Признавая первенство в поэзии за Эсхилом, второе место Аристофан отдает Софоклу. В знак этого Эсхил, уходя из загробного мира, оставляет его своим заместителем. Однако высокая оценка Эсхила не мешает Аристофану тонко указать и некоторые его недостатки. Он отмечает натянутость молчания действующего лица в течение целой сцены, например в прологе «Прикованного Прометея», в не дошедшей до нас «Ниобе», чрезмерную высокопарность и тяжеловесность речи, пристрастие к страшным и чудовищным образам и словам и т. д. (911 — 945). Он «первый из греков нагромоздил величавые слова и ввел красивую шумиху трагической речи» (1004 сл.), — так характеризует его хор. «Не скажет он слова ясно», — говорит про него Эврипид (927). Его тяжеловесные слова на весах сразу же перетягивают легкую речь Эврипида (1364—1460). Эсхил не может возразить на его критику. Аристофан, несмотря на свои нападки на Эврипида, сам многое заимствовал у него.
Из других трагических поэтов своего времени Аристофан подверг жестокому осмеянию молодого поэта Агафона, представив его типом изнеженного, женоподобного человека в «Женщинах на празднике Фесмофорий». Не раз задевает он Каркина, Иона Хиосского, Иофонта, сына Софокла и др. («Мир», 834 сл., 864; «Лягушки», 73 — 79).

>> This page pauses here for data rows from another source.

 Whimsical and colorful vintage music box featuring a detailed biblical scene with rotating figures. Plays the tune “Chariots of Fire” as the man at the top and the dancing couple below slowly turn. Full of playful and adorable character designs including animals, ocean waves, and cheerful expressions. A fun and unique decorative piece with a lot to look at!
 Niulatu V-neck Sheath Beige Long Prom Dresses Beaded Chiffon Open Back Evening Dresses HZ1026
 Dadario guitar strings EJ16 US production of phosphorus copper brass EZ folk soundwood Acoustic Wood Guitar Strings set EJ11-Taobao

Аристофан рано осознал высокое общественное значение своих комедий и в «Осах» называл себя «очистителем, отвращающим беды от своей страны» (1043). Роль комического писателя он считал одной из самых трудных и важных («Всадники», 516, ср. «Ахарняне», 633 сл.). В парабазе «Ахарнян» он ставит себе в заслугу то, что высказывал откровенно правду и предупреждал против лести, которой нередко увлекались афиняне (628 — 644). Средством воздействия на современников он считает соединение серьезного с шуткой. Так, хор в «Лягушках» обращается с молитвой к богине Деметре, чтобы она дала ему возможность «высказать много смешного и много серьезного и, сыгравши и пошутив, одержать победу и получить в награду ленту» (389—393). В «Осах» он заявляет, что, когда стал выступать впервые в театре, нападал не на заурядных людей, а на особенно сильных (1029 сл.).

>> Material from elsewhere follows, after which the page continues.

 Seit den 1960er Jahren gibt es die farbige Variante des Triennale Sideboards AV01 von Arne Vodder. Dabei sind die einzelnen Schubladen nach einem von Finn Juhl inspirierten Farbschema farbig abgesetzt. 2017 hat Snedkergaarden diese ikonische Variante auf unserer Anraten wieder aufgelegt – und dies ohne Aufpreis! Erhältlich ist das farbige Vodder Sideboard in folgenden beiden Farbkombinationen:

Аристофан не раз отмечает сметливость афинской публики, которая умеет тонко разобраться в качестве драматических произведений и понять содержащиеся в них намеки («Осы», 1010—1014; «Лягушки», 1109—1118). Он заявляет, что и без соответствующей маски у актера зрители поймут, кого надо разуметь под фигурой Пафлагонца во «Всадниках» (225 — 233). Зная тонкое чутье публики, Аристофан близко принимает к сердцу провал своего любимого произведения — «Облаков» («Облака», 520 — 527; «Осы», 1043 — 1045).
Много намеков на разных современников рассеяно в комедиях Аристофана. Видно, что во «Всадниках» он намекает на суеверие, нерешительность и медлительность Никия (32 — 35), на склонность к вину Демосфена (95 — 102). Однако многие из намеков остаются незаметными или непонятными из-за отсутствия у нас исторических сведений.

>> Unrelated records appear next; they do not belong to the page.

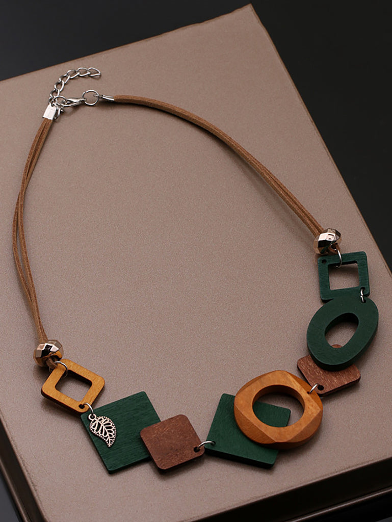 Women Geometric Wooden Weave Necklace
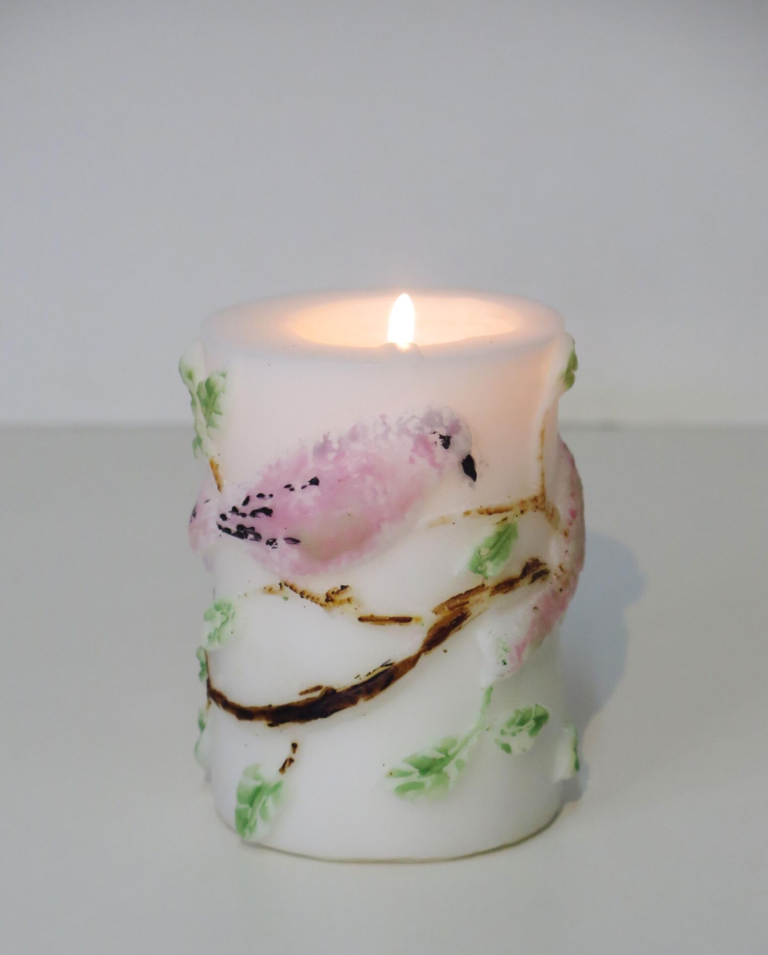 EL YAPIMI KUŞ KABARTMALI MUMçap:7 cm, h:9 cm
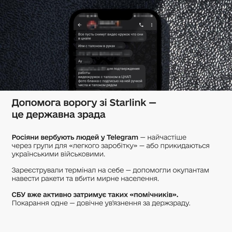 Росіяни продовжують вербувати людей, щоб реєструвати термінали Starlink. Ворог використовує їх, щоб наводити ракети на мирні міста та вбивати українців.
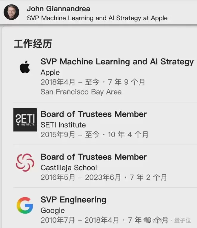 这些人都曾在谷歌AI相老兵,挖来苹果,稍微适应适应就能补充这边的模型训练与工程能力,可以说是“即插即用型”成员。
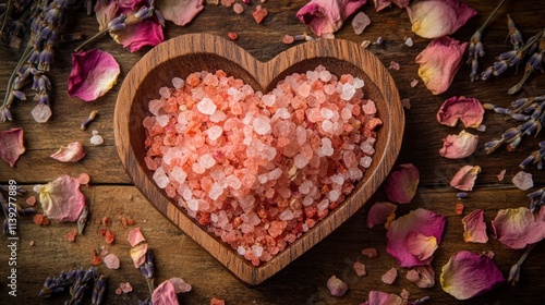 Pink Himalayan salt in heart-shaped bowl with rose and lavender petals.
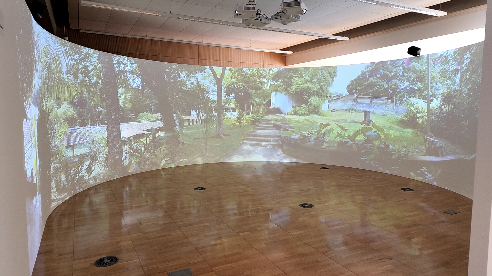 주제는 지구이지만 딱히 와 닿는 내용은 없다. 오히려 "프로젝터 콘테스트"라고 하는 것이 더 맞을 지도... 아래 사진은 다른 전시실의 사진인데 빔 3개를 연결해서 270도를 구현했다. (갖고싶다.) 다가가서 자세히 보면 접점이 보이는데, 어지간히 떨어져서는 어느 부분이 접합부분인지 확인하기 어렵다. 이번 전시는 위와같은 정교한 프로젝터 공연을 관람할 수 있다. 프로젝터 공연인만큼 실내가 매우 어두운 편이다.
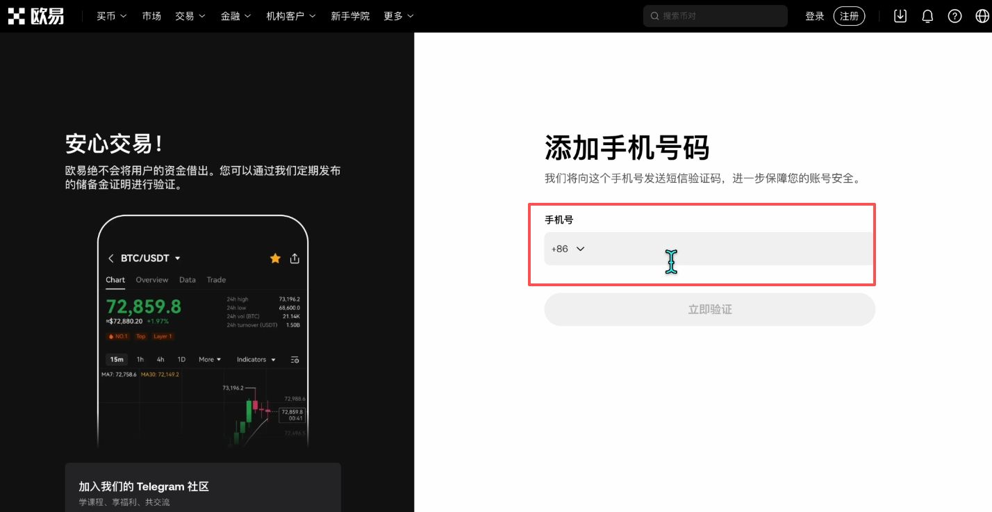 这时候需要绑定一下我们的手机号码,可以看到它是支持中国大陆的手机号码进行绑定的,它是涵盖了中国 86的区号的。因为现在的交易所进行所有的买卖的时候都需要实名制,所以有的交易所就要求我们去绑定手机号,才能够执行入金和出金的操作,所以手机号这个环节是我们必须去绑定的。

Серьезные разногласия вызывало понимание комедии «Птицы». По примеру Гёте многие готовы были видеть в ней просто веселую шутку, фантастическую феерию, другие воспринимали ее как аллегорию. Однако в ее содержании так много намеков на живую афинскую действительность, что с такими толкованиями никак нельзя согласиться. План фантастического государства напоминает мечты некоторых мыслителей о политическом и социальном переустройстве, вроде проектов Гипподама Милетского (178 — 186; 550 — 626). В то же время план создания мирового государства, способного подчинить и небо и землю, — если откинуть комические преувеличения, — напоминает агитацию политиков вроде Алкивиада, затеявших поход в Сицилию и суливших афинянам подчинение не только Сицилии, но блокаду Пелопоннеса и завоевание Запада, в том числе и Карфагена (Фукидид, VI, 15, 2; 90, 2 — 3). Кроме того, в комедии осмеивается ряд современных деятелей (1 292 — 1299; 1553—1564). Все это показывает, что нет никаких оснований обособлять данную комедию от других комедий Аристофана.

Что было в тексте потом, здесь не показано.